Shiloh Industries is a diversified player as it caters to other industrial markets, apart from automotive and commercial vehicles. The company's top line grew 14.7 percent in the latest quarter, although earnings growth was slightly behind at 12 percent. However, this still represents a strong business case for Shiloh which supplies lightweighting and noise, vibration and harshness (NVH) solutions to the various industries. It is a competitive but growing business where innovative technologies and products go a long way in ensuring long-term sustainability of the business.

At a net profit margin of 3.2 percent, Shiloh is not among margin toppers but isn't very far off either. The good thing about the management at Shiloh is its ability to identify and acquire good businesses without stretching the balance sheet. In the latest instance, Shiloh has acquired Sweden based Finnveden Metal Structures for $56.6 million. The acquisition can boost its annual revenues by up to $180 million. Meanwhile, valuations are low and the correction has made the stock even more attractive. At a price earnings ratio of 11.9 and a price by sales ratio of just 0.4, the stock is not expensive and has room for growth.

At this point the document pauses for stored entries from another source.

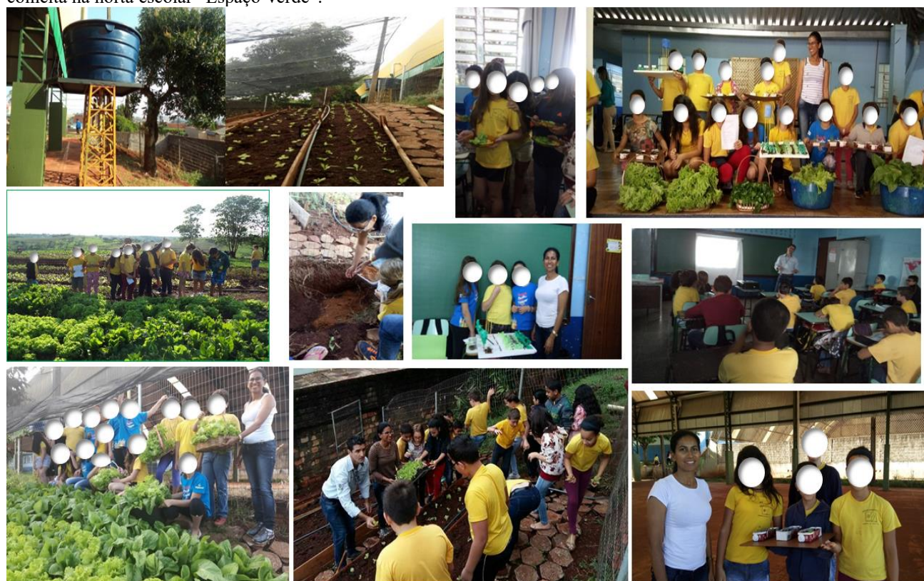
Imagem 01. Registros fotográficos que identificam as ações pedagógicas descritas da “Tabela 01” – temos na montagem: 1) a horta escolar edificada e sua cisterna instalada; 2) alunas comendo as hortaliças da horta; 3) exposição das plantas colhidas na horta para a comunidade escolar; 4) visita técnica à horta orgânica da Comunidade Santa Terezinha; 5) construção da composteira; 6) observação e pesquisa sobre as hortaliças, ervas e verduras; 7) palestras com o técnico da Emater; 8) colheita na horta escolar “Espaço Verde”.

Nossas ações pedagógicas empregaram procedimentos estreitamente ligados aos pressupostos metodológicos da “pesquisa-ação”. Nesse processo, observamos o desenvolvimento de atitudes e comportamentos sustentáveis ao exercício da cidadania, à Educação Ambiental, bem como o desenvolvimento do senso crítico e a compreensão de aspectos que englobam muitas questões ambientais. Veremos melhor isso em nossos resultados.
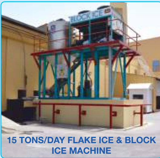
15 TONS/DAY FLAKE ICE & BLOCK ICE MACHINE

The device is clean & Hygienic, Fast & Easy useful, produces both Flake & Block Ice. No Mould & No Glycol. Changeable Ice Dimensions, New Desing & New Ice Technology.
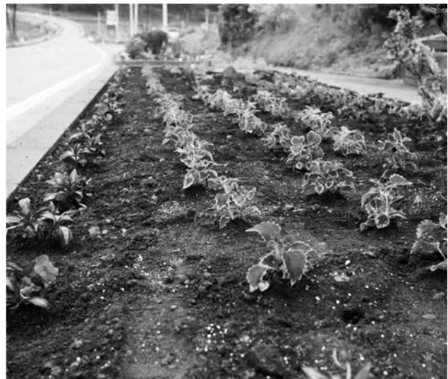
花植えが終わり、地元の方と花植えの成果と、国道沿いがきれいになることを話し、成長が楽しみだと「希望」も植えてきました。

今回雨の中でのボランティア活動でしたが、ボランティアの皆さま、地元の皆さまの協力もあり無事活動を行うことができました。
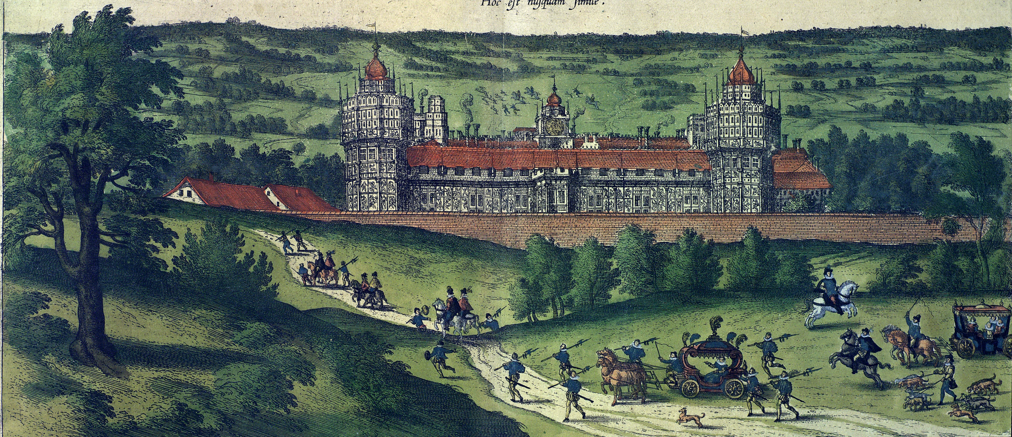
Effiguit Georgius Houfnaglus Anno 1582.

PALATIUM REGIVM IN ANGLIÆ REGNO APPELLATVM NONCIVTZ, Hoc est nusquam simile.
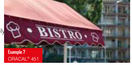
Example 7 ORACAL® 451

Üstün esneklikte, özel PVC folyo (80 mikron) 24 saten bitişli renk Kısa ve orta vadeli, branda üzeri harf ve dekoratif şekiller için ideal (branda folyo) Islak uygulama tavsiye edilir Solvent poliakrilat; kalıcı Kullanım ömrü: 3 yıl
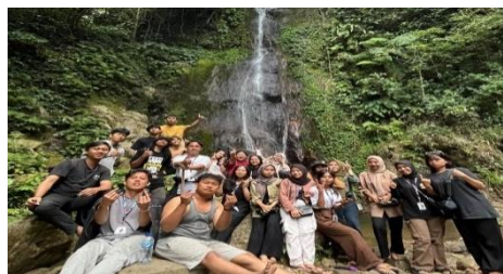
Gambar 2. 14 Kunjungan ke Wisata Air Terjun Gunung Betung

Kunjungan ke Wisata Air Terjun Gunung Betung bersama warga lokal dan rekan PKPM dari kelompok 24, 27, 28, dan 40.
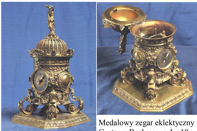
Medalowy zegar eklektyczny Gustawa Beckera z roku 18-

70, wykonany z brązu. Wysokość całkowita - 40,5 cm, waga - 8,3 kg. nr seryjny 425993. Zegar znajduje się w Stanach Zjednoczonych.
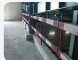
Fot. 5. Balustrada ze słupkami stalowymi

Another player in the automotive industry is Lydall Inc. which has posted strong sales and earnings growth in recent quarters. Consequently, its stock went on to hit a 52-week high, but saw a 10 percent correction last month. The company produces and sells specialty engineered filtration media, industrial thermal insulating solutions, automotive thermal and acoustical barriers, medical filtration media and devices and biopharmaceutical processing components.

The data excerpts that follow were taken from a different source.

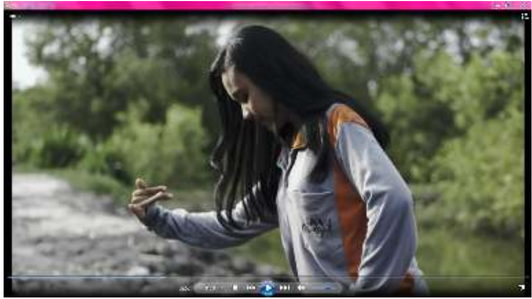
Gambar IV.9. Potongan gambar pada film lesTARI Pada menit (00.08.28-00.11.07) (Sumber: Screenshot film lesTARI, 2019)

sangat berpengaruh bagi para penonton atau penikmat film untuk membangun mood penonton dengan pemilihan latar yang tepat.
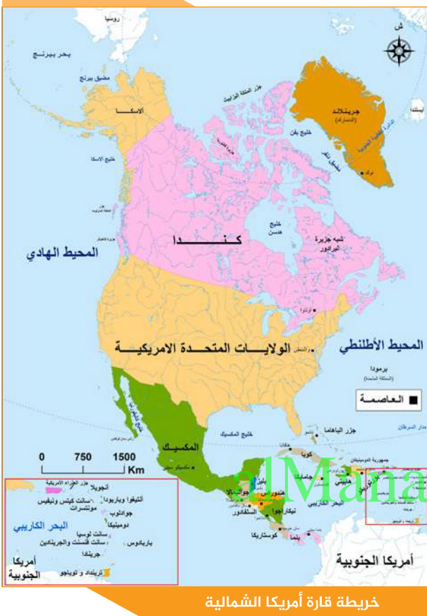
خريطة قارة أمريكا الشمالية

لا يمكن تحقق ذلك؛ لأن موارد الطاقة المتاحة لا يمكن إستخراجها بشكل كلي، وعدم التوافق في كيفية اختيار أماكن استخلاص الموارد المتاحة وعدم توزيع الموارد والبنية التحتية بالتساوي، وتفضيل هيمنة الأسواق المفتوحة، هذا بالإضافة إلى أن أمريكا الشمالية عرضة لإختلالات في إمدادات الطاقة.
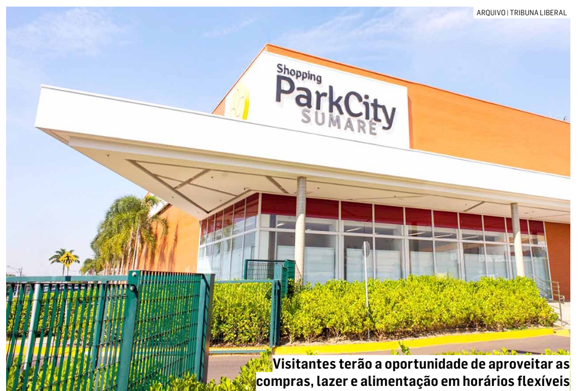
Visitantes terão a oportunidade de aproveitar as compras, lazer e alimentação em horários flexíveis

Powered by suitable acquisitions, its top line grew 47.2 percent in the quarter ended June 30, while gross margins also improved. Although net income trailed with a growth of 38.4 percent, it was largely due to a one-time expense. Despite the slower growth in net profit, the company is on track to post its highest profit this year, and this should drive the stock which currently sells at a conservative forward price earnings ratio of 12.8.

Disclosure: The author has no positions in any stocks mentioned, and no plans to initiate any positions within the next 72 hours.